One legal recruiter called the move "hugely significant" and said Sullivan is a "top-tier" litigator.
"I think it's really big news because Diane Sullivan is a nationally prominent litigator, particularly with respect to high-stakes, mass tort products liability matters," another recruiter said.
Thomas M. Tammany
Thomas Tammany left his post as co-chairman of Buchanan Ingersoll & Rooney's health care practice to join Reading, Pa.-based firm Stevens & Lee, another firm known for its work with the health care industry.
In a time when health care law is expected to boom over the next few years, particularly on the regulatory and transactional sides, Tammany's practice was a big addition for Stevens & Lee's already deep health care bench.
Tammany assists health care clients with transactional, regulatory and compliance matters. He regularly represents academic medical centers, hospitals and health systems, physician groups, medical device companies, institutional pharmacies and other health care providers in mergers and acquisitions, affiliations and contractual matters. He also works with hospitals and doctor groups on joint ventures and practice acquisitions.

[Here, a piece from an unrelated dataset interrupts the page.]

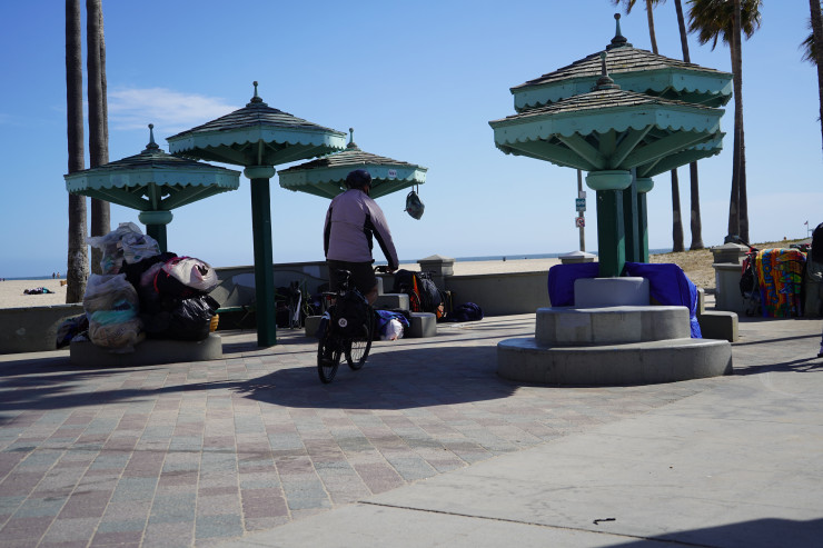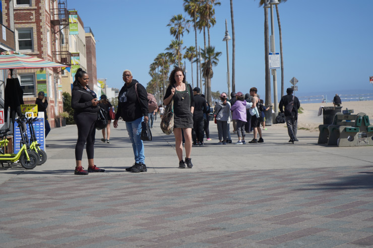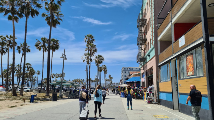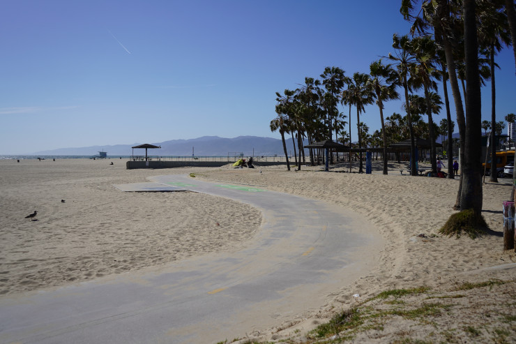 Свою мобильную выставку о Казахстане мы хотели провести в людном, но более спокойном месте. Без лишней суеты. Подумали сначала, что пляж Венеция отлично подходит. Отправились туда. Но спустя минут 10 решили никакой выставки не организовывать. Пляж сильно разочаровал.
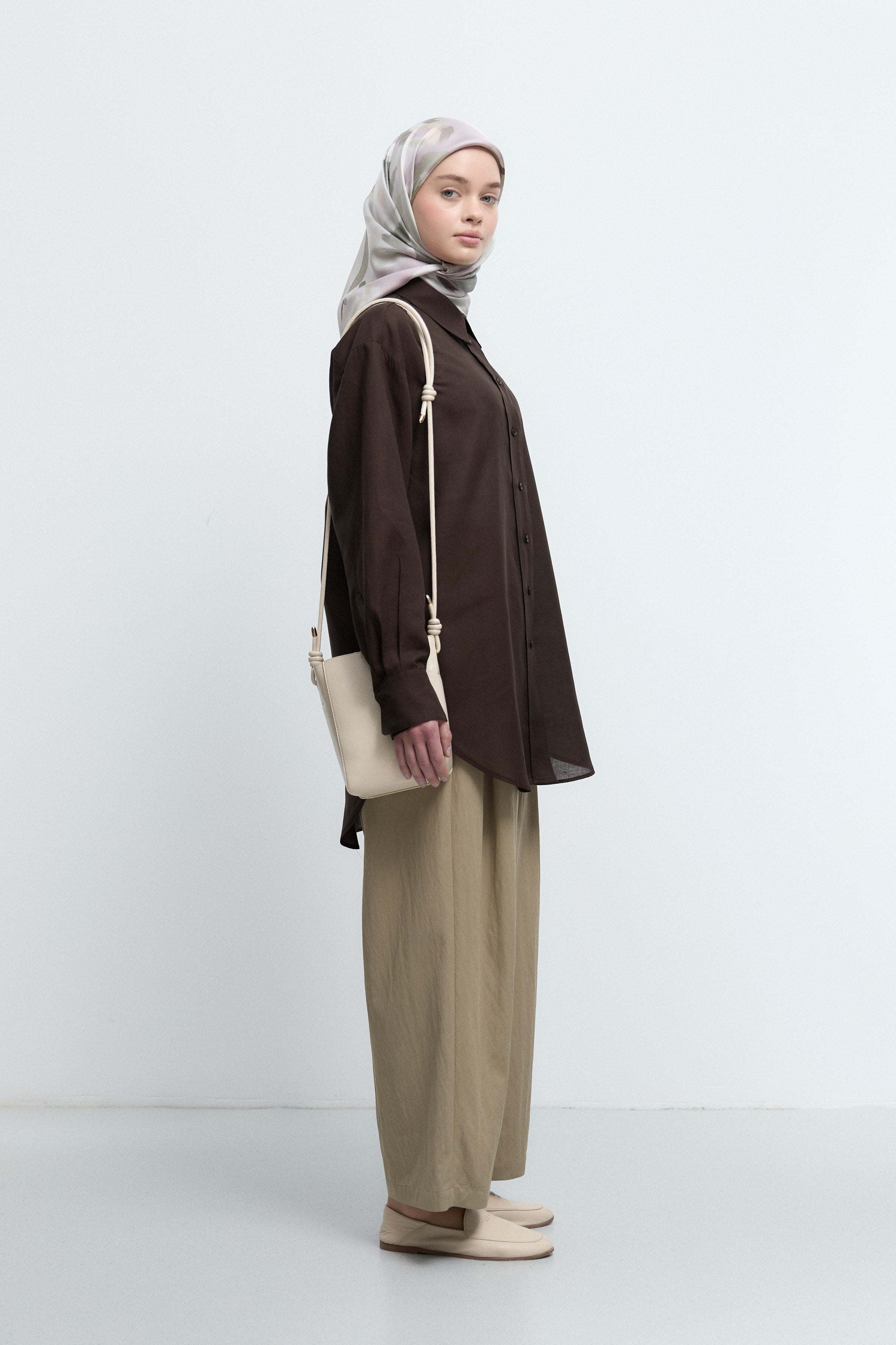 Écharpe en soie twill Taharri - Café

Before he entered private practice, Tammany was chief counsel of the University of Pennsylvania Health System.
Associate Megan Mueller joined Stevens & Lee with Tammany. The pair is resident in the firm's Valley Forge, Pa., office.
Thomas L. VanKirk
Thomas L. VanKirk spent his career at Buchanan Ingersoll & Rooney, ultimately serving for years at the helm of the firm and leading it through significant expansion.
About three years after stepping down as chief executive officer of Buchanan Ingersoll, VanKirk made the surprise announcement in March that he was leaving the firm to serve as chief legal officer of one of the biggest employers in the region: health insurer Highmark Inc.
VanKirk spent 18 years as chief operating officer of Buchanan Ingersoll until 2003, when he became CEO of the firm. He stepped down as CEO in June 2009 and was replaced by John A. Barbour, who had joined the firm as part of Klett Rooney's 2006 merger with Buchanan Ingersoll. Since then, VanKirk had served as chairman of the firm.
"I think Tom has been a tremendous contributor to the legal field and to Buchanan, in particular, for a long time," one recruiter said at the time of VanKirk's departure. "His strength as an attorney, as well as his skills as a manager, will be a tremendous asset to Highmark. He leaves Buchanan, I'm sure, on a very positive note with very strong leadership in place. It's a very positive move for the Pittsburgh legal community."